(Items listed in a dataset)
-- Opening Marker --

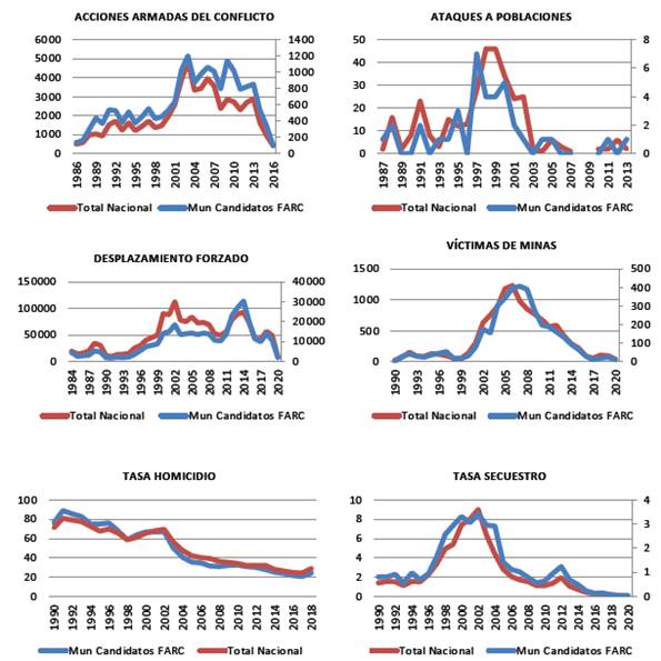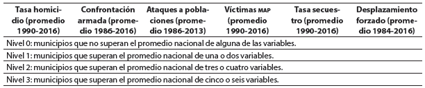 Tal como se muestra en la tabla 1, seis variables fueron tenidas en cuenta para establecer el nivel de intensidad del conflicto en los municipios que estuvieron bajo la influen cia de los bloques de las FARC en el pasado y donde el partido Farc presentó sus candidatos: 1) La tasa promedio de homicidio entre 1990 y 2016; 2) El promedio de las acciones de la con frontación armada entre 1986 y 2016; 3) Los ataques a poblaciones registrados entre 1986 y 2013; 4) El promedio de víctimas de MAP entre 1990 y 2016; 5) La tasa promedio de secuestro entre 1990 y 2016 y; 6) El promedio de personas desplazadas entre 1984 y 20164.
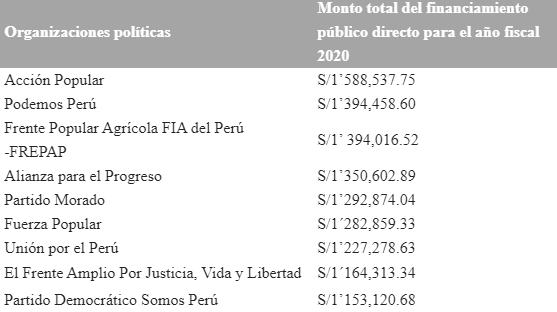 La ONPE establece asimismo que en este caso el financiamiento público directo, de periodicidad mensual, sólo será entregado durante los años 2020 y 2021, dado que el periodo del mandato del Congreso será menor, destinado a completar el periodo quinquenal legislativo 2016 y 2021.
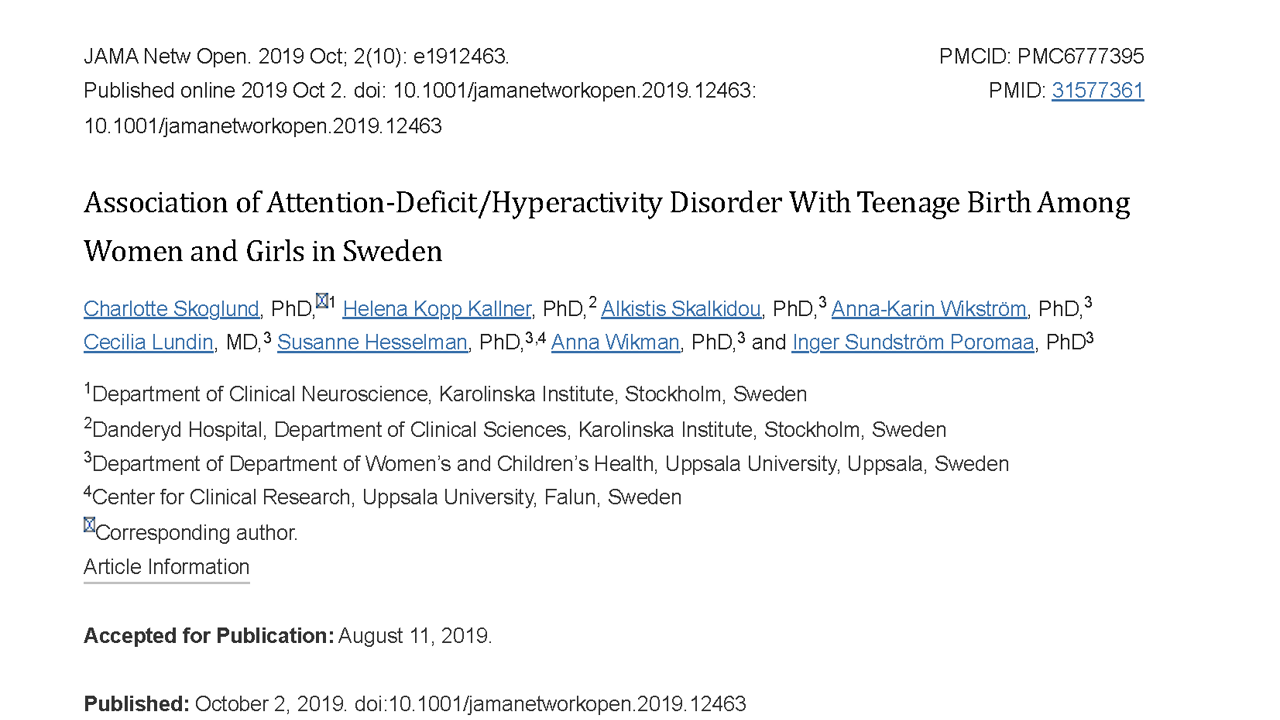 Association of Attention-Deficit/Hyperactivity Disorder With Teenage Birth Among Women and Girls in Sweden
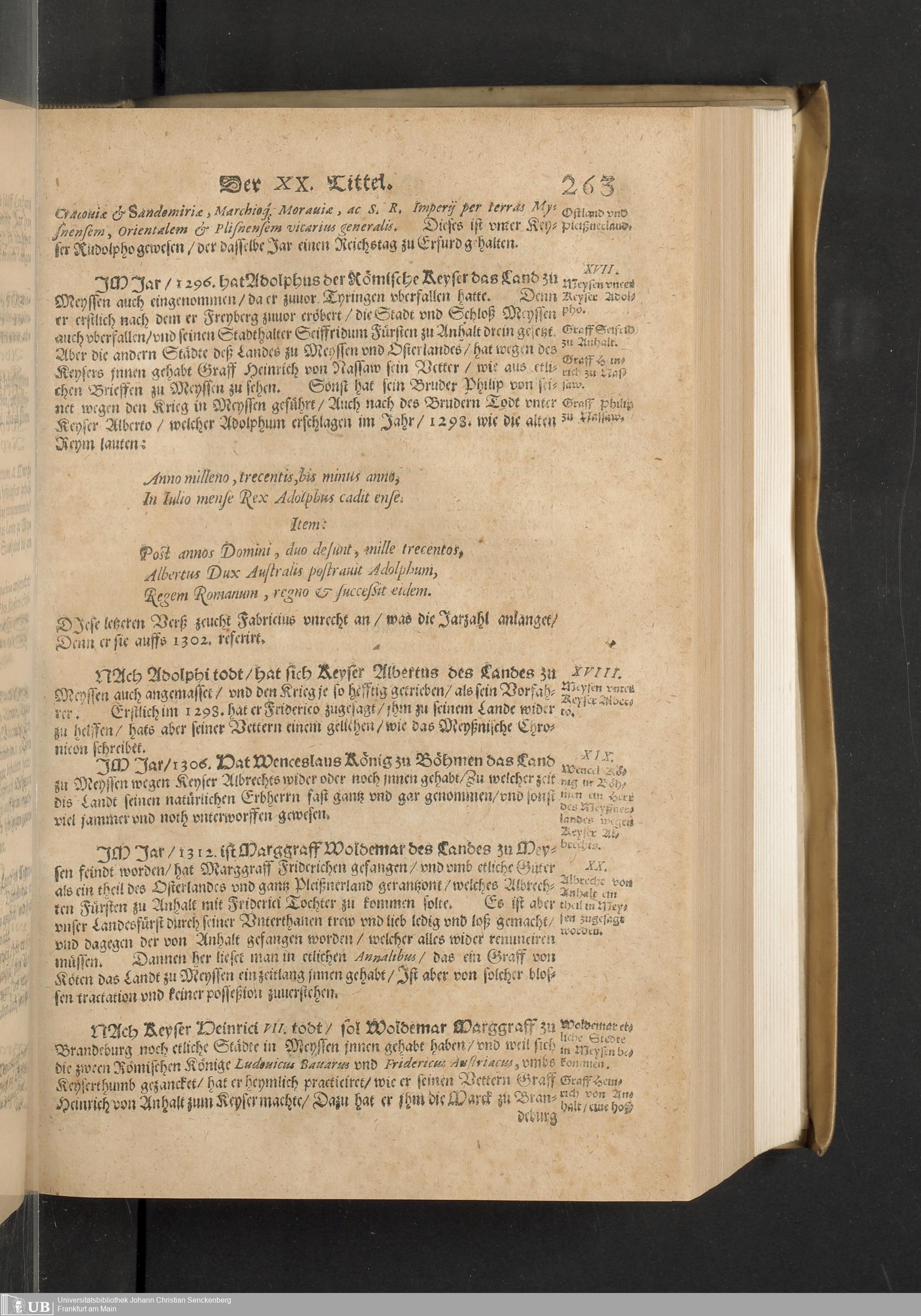Meißnische Land vnd Berg-Chronica, : Jn welcher ein vollnstendige description des Landes, so zwischen der Elbe, Sala vnd Südödischen Behmischen gebirgen gelegen, So wol der dorinnen begriffenen auch anderer Bergwercken, sampt zugehörigen Metall vn[d] Metallar beschreibungen. : Mit einuorleibten fürnehmen Sächsischen, Düringischen vnd Meißninschen Historien. : Auch nicht wenig Tafeln, Wapen vnd Antiquiteten, derer etliche in Kupffer gestochen. / Gestellet durch Petrum Albinum M. Churf. Sech. Secr. ..
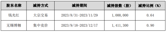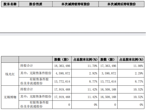 本次减持前,钱光红持有股份18,363,486股,占总股本比例11.70%;无锡博翱持有股份17,919,468股,占总股本比例11.42%。本次减持后,钱光红持有股份17,363,486股,占总股本比例11.06%;无锡博翱持有股份16,508,168股,占总股本比例10.52%。
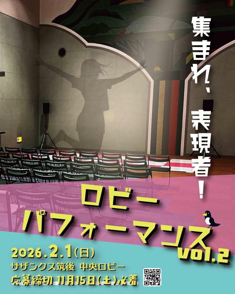 サザンクス筑後のロビーパフォーマンスは、市民が気軽に参加できるイベントとして、様々なジャンルのアーティストの発表・交流の機会として開催します。各種パフォーマンス披露・活動の宣伝などをしてみませんか?(参加費・観覧費無料)
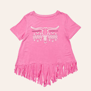 Cowgirl Hardware Girls' Pink Aztec Longhorn Skull Graphic Fringed T-Shirt

-- Closing Marker --

Task goal:
All entries above are to be reproduced exactly, with no pictures.

Finished exercise:
 Tal como se muestra en la tabla 1, seis variables fueron tenidas en cuenta para establecer el nivel de intensidad del conflicto en los municipios que estuvieron bajo la influen cia de los bloques de las FARC en el pasado y donde el partido Farc presentó sus candidatos: 1) La tasa promedio de homicidio entre 1990 y 2016; 2) El promedio de las acciones de la con frontación armada entre 1986 y 2016; 3) Los ataques a poblaciones registrados entre 1986 y 2013; 4) El promedio de víctimas de MAP entre 1990 y 2016; 5) La tasa promedio de secuestro entre 1990 y 2016 y; 6) El promedio de personas desplazadas entre 1984 y 20164.
 La ONPE establece asimismo que en este caso el financiamiento público directo, de periodicidad mensual, sólo será entregado durante los años 2020 y 2021, dado que el periodo del mandato del Congreso será menor, destinado a completar el periodo quinquenal legislativo 2016 y 2021.
 Association of Attention-Deficit/Hyperactivity Disorder With Teenage Birth Among Women and Girls in Sweden
Meißnische Land vnd Berg-Chronica, : Jn welcher ein vollnstendige description des Landes, so zwischen der Elbe, Sala vnd Südödischen Behmischen gebirgen gelegen, So wol der dorinnen begriffenen auch anderer Bergwercken, sampt zugehörigen Metall vn[d] Metallar beschreibungen. : Mit einuorleibten fürnehmen Sächsischen, Düringischen vnd Meißninschen Historien. : Auch nicht wenig Tafeln, Wapen vnd Antiquiteten, derer etliche in Kupffer gestochen. / Gestellet durch Petrum Albinum M. Churf. Sech. Secr. ..
 本次减持前,钱光红持有股份18,363,486股,占总股本比例11.70%;无锡博翱持有股份17,919,468股,占总股本比例11.42%。本次减持后,钱光红持有股份17,363,486股,占总股本比例11.06%;无锡博翱持有股份16,508,168股,占总股本比例10.52%。
 サザンクス筑後のロビーパフォーマンスは、市民が気軽に参加できるイベントとして、様々なジャンルのアーティストの発表・交流の機会として開催します。各種パフォーマンス披露・活動の宣伝などをしてみませんか?(参加費・観覧費無料)
 Cowgirl Hardware Girls' Pink Aztec Longhorn Skull Graphic Fringed T-Shirt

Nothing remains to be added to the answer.